Bunların tümünü bir yana bırakacak olursak daha önce hem ikinci cumhurbaşkanı Mehmet Ali Talat’ın hem de üçüncü cumhurbaşkanı Dr. Derviş Eroğlu’nun başbakan olduğu dönemde cumhurbaşkanlığına yürürken izlediği hukuki ve demokratik teamülün izlenmemiş olması neden konuşulmuyor? Sırf yapılacak olan UBP kurultayında vekâlet verdiği kişiye avantaj olur endişesiyle bir bakana vekâlet bırakmadan Cumhurbaşkanlığı’na giden Ersin Tatar’ın büyük hatasını görmezden mi geleceğiz? Bu anlamda sistemi kilitleyen bizzat Sayın Cumhurbaşkanı değil midir?

En kısa sürede seçime gidip iradeyi yenileme ihtiyacı doğduğunda önümüze çıkan en büyük engel olan bütçenin meclisten geçirilememiş olması tam da bu teamülün izlenmemiş olması sebebiyle ortaya çıkmamış mıdır? Şimdi bunların hiç biri yaşanmamış gibi davranarak yapılan demokrasi vurgularının kimseye samimi gelmiyor oluşunun altında yatan gerekçelerin biraz da bu olduğunu düşünüyorum.

Açık olan şu ki; Cumhurbaşkanlığı seçimleriyle başlayan, ardından UBP kurultayına kadar uzanarak demokratik zeminde yaratılan ağır tahribatın halkoyuyla giderilmesi, bu anlamda iradenin yenilenmesi gerekiyor. Bunun için de önce bütçenin meclisten geçirilmesi, ardından Seçim ve Halkoylaması Yasası’ndaki düzenlemelerin yapılması ve sonrasında ise mümkün olan en kısa sürede sandık kurularak sırf birileri cumhurbaşkanı olsun diye yerinden sökülen taşların yeniden yerine oturtulması gerekiyor.

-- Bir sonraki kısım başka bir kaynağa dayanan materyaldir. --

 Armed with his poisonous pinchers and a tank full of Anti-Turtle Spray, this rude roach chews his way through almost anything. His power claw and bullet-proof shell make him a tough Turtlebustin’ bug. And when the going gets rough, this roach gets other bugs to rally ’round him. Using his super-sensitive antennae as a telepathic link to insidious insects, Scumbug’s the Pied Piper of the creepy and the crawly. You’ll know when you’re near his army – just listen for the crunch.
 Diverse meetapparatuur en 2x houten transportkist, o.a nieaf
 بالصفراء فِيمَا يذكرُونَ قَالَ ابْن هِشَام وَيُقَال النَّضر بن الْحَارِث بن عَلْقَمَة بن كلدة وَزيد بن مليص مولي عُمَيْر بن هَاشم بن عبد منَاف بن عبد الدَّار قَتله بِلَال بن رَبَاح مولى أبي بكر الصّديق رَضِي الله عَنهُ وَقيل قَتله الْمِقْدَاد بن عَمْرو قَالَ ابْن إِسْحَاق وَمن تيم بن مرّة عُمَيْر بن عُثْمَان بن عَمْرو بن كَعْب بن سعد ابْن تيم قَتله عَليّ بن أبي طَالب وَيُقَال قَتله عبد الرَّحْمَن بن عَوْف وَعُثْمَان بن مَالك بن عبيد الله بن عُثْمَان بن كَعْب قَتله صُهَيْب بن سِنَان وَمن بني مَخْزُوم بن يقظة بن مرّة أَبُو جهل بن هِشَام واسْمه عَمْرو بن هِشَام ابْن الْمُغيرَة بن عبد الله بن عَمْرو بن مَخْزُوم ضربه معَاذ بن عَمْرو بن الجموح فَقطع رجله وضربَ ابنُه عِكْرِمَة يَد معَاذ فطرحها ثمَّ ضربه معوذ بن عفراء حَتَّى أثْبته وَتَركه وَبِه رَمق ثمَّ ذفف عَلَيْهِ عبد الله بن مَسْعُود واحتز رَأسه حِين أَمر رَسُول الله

Tam da bu aşamada yanık bir üslupla “Seçime gideceğiz de ne değişecek?” türküsünü söyleyenlere aldırmamak gerekiyor! Bunun söyleyenler zaten Kıbrıslı Türklerin kendi kendini yönetme kapasitesinin olmadığına inanarak “bizden bir şey olmaz” umutsuzluğunu yerleştirmeye çalışanlardır. Bu umutsuzluğa hiçbirimiz kapılmamalıyız. Her ne kadar tatsız tecrübeler yaşamış olsak da bütün bu yaşananların bizi getirdiği noktada, asıl iradenin Kıbrıslı Türklerden kaynaklandığı ve bunun üzerinde başka hiçbir gücün olamayacağı artık herkes tarafından görülmüştür diye inanıyorum. Ya da inanmak istiyorum.  

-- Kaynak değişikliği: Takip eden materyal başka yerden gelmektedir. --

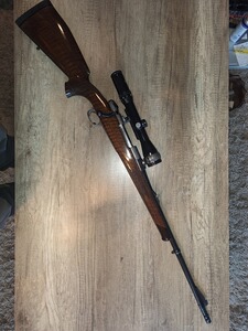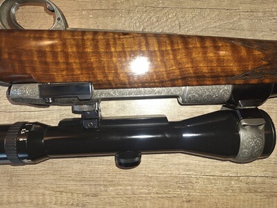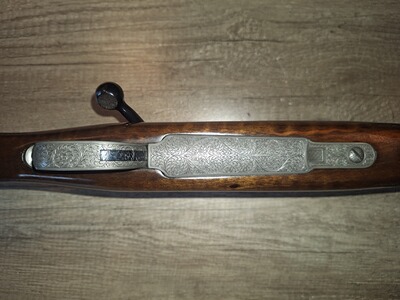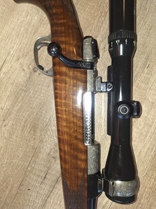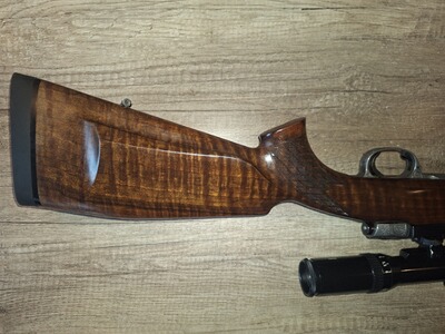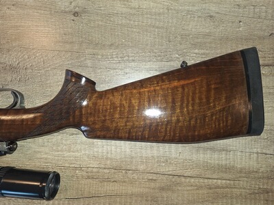 Ich verkaufe eine Repetierbüchse 98er Luxusausführung. Als Grundlage diente ein Original DWM System mit einem Lothar Walther Lauf im Kaliber 9,3x62. Das System, Magazindeckel, Montagering und Sicherung sind nitriert und mit Arabeskengravur versehen. Es wurde ein Recknagel Einabzug verbaut und eine Recknagel Sicherung. Das Zielfernrohr, Schmidt &Bender ist ein Drückjagdglas 1,5-6x42, montiert mit einer SEM. Die Waffe hat eine offene Visierung und ist mit einem Mündungsgewinde versehen. Ausgestattet mit einer Mündungsbremse. Schalldämpfer problemlos nutzbar. Die Waffe hat einen Luxusschaft mit ausgesuchtem Schaftholz, Rosenholzabschluss und bayerische Backe.
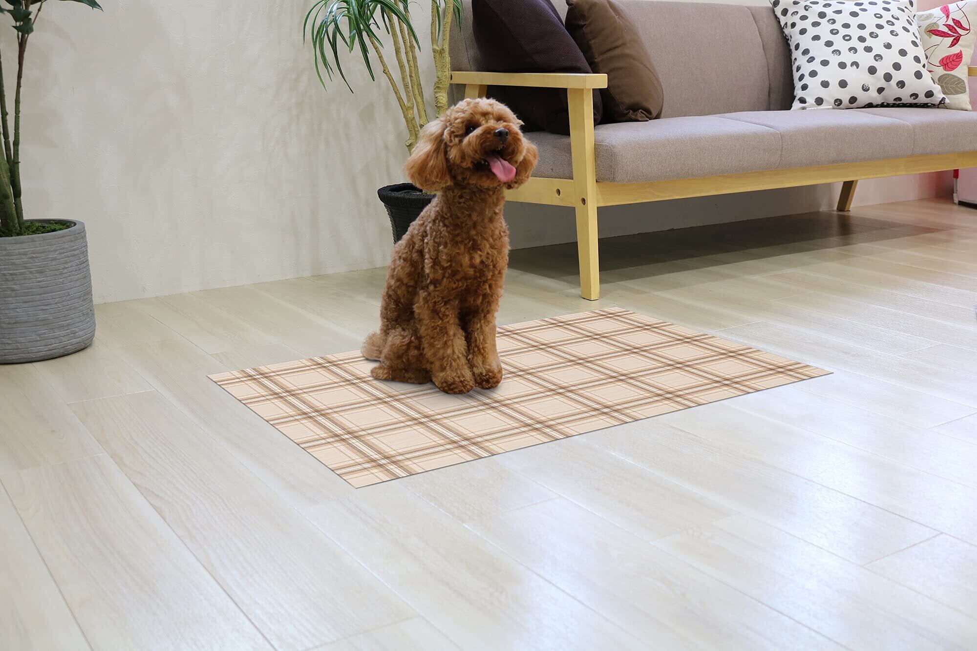 明和グラビア ペット用 防滑・消臭・防水マット INSF-202 60cm×90cm チェック柄 ベージュ M
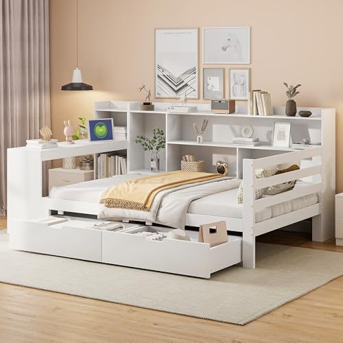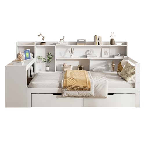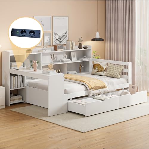 【Großer Stauraum niedergeschlagen dem Bettgestell】Zwei große Schubladen niedergeschlagen dem Bett sowie ein nebenher angebrachtes Bücherregal bieten in Hülle und Fülle Stauraum für Kleidung, Spielzeug und Bücher. Dieses Stauraumbett hilft wegen, Ordnung im Zimmer zu halten – ideal für den täglich Brot.

Şimdi kurulması gerekliliği ortaya çıkan hükümet tam da bu maksatlarla kurulmalı, Kıbrıslı Türklerin iradesi sandık yoluyla yeniden tesis edilmelidir. Buna başka anlamlar yüklemeye çalışmak iyi niyetli olmadığı gibi haberi yokmuş gibi fotoğraf çektirme gayreti içerisine giren bir tarzı hatırlatıyor bana. Bunun bir yanıyla eğlenceli olduğunu kabul ediyorum ama açık söylemek gerekirse içerisinde pek bir samimiyet barındırdığını da düşün.